Skin lesions often occur in the genital region of both sexes. In males, scrotal involvement is most characteristic; however, lesions can also develop on the penile shaft. In females, the labial area is most commonly involved, with lesions occasionally developing in the vagina and on the perineum. Genital ulcerations typically heal with scarring and are more painful in men. Development of ulcerations in women may correlate with menstruation.
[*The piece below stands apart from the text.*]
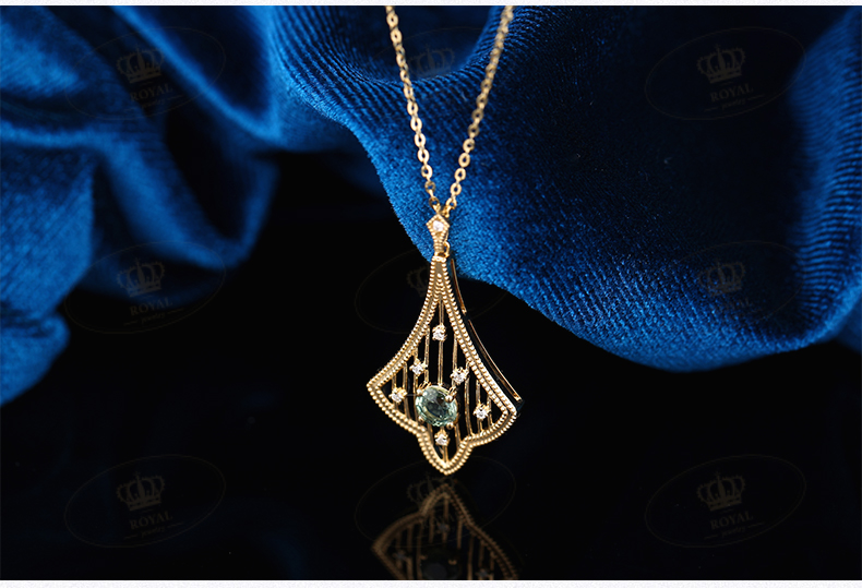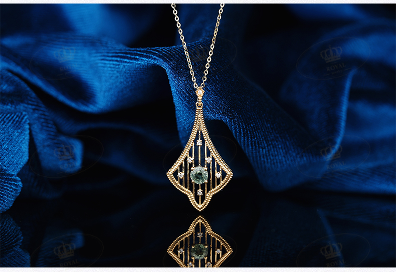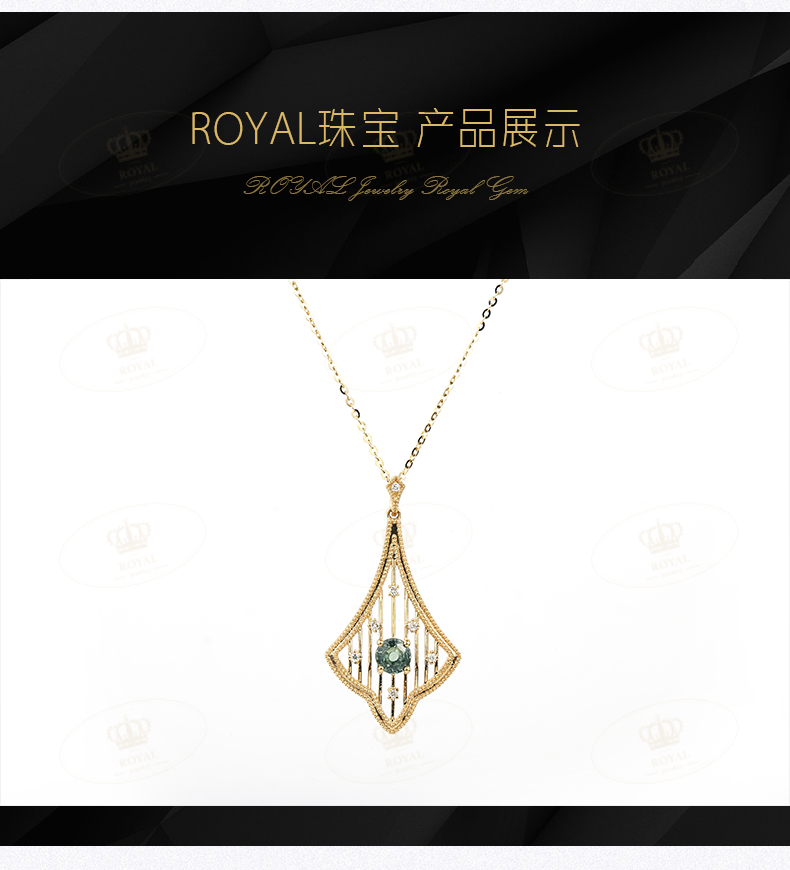 ROYALJEWELRY绿色蓝宝石项链0.528克拉绿蓝宝 钻石0.045克拉18K金

Nodules that resemble erythema nodosum are more common in the lower extremities of females. They are tender, erythematous, and nodular and usually resolve after 2-3 weeks but often recur. Erythema nodosum may be an indicator of mild Behçet disease.

Acneiform papulopustular lesions are more common in men and are usually found on the trunk and extremities, although they may develop anywhere on the body.

Extragenital ulcerations that heal with scarring are rare and affect only 3% of patients.^[45]These are very specific for Behçet disease. They can be found in the axillae, neck, breast, interdigital skin of the feet, and groin.

Positive pathergy test is more common in Turkish and Japanese populations, as well as patients with ophthalmic and neurologic manifestations.

Ocular lesions

Ocular presentations (anterior or posterior uveitis, hypopyon, retinal vasculitis, cystoid macular degeneration) represent the first manifestation of disease in 10-20% of patients with Behçet disease. In most cases, however, ocular involvement follows the oral and genital ulcers by 3-4 years.^{[20, 46]}

Symptoms and signs commonly include blurred vision, periorbital pain, photophobia, scleral injection, and excessive lacrimation.

Men, particularly of Iranian and Japanese descent, tend to present with more severe eye involvement.

Highly recurrent posterior uveitis can lead to blindness.

Ocular involvement resulting in blindness commonly develops within the first 7 years. The prognosis is better for persons who develop symptoms later in the disease course.

Ocular involvement is seen in 50-75% of patients who have Behçet disease. In most cases, the ocular symptoms follow the oral and genital ulcers by 3-4 years, although ocular disease is the initial manifestation in about 20% of cases. Ophthalmic manifestations of Behçet disease are characterized by severe recurrent attacks of intraocular inflammation. Symptoms are characteristic of uveitis - light sensitivity, photophobia, pain, decreased vision, floaters. In one series, anterior uveitis was present in 59% of cases; posterior uveitis was present in 76% of cases; and panuveitis was present in 88.1% of cases.^[46]

Neurologic manifestations

Collectively, neurologic signs and symptoms tend to be an unusual late manifestation, 1-8 years after disease onset. They include the following:

Memory tends to be affected in most cases, particularly affecting recall and learning. Orientation, arithmetic, and language are often unaffected.
Symptoms are usually parenchymal in nature, predominantly with brainstem involvement. ^[36]
Behavioral changes, primarily apathy or disinhibition, occur in 54% of patients.
Seizures and bulbar signs with ophthalmoplegia are less common.

Other less common findings include the following:

Infarctions due to vasculitis or thrombosis
Meningoencephalitis
Lymphocytic meningeal infiltration
Demyelinization

Vasculopathy

Behçet disease can cause aneurysms in the pulmonary arterial tree that often prove to be fatal. Pulmonary artery aneurysmal involvement is associated with right-sided cardiac thromboses and can manifest as hemoptysis, cough, chest pain, or dyspnea.^[17]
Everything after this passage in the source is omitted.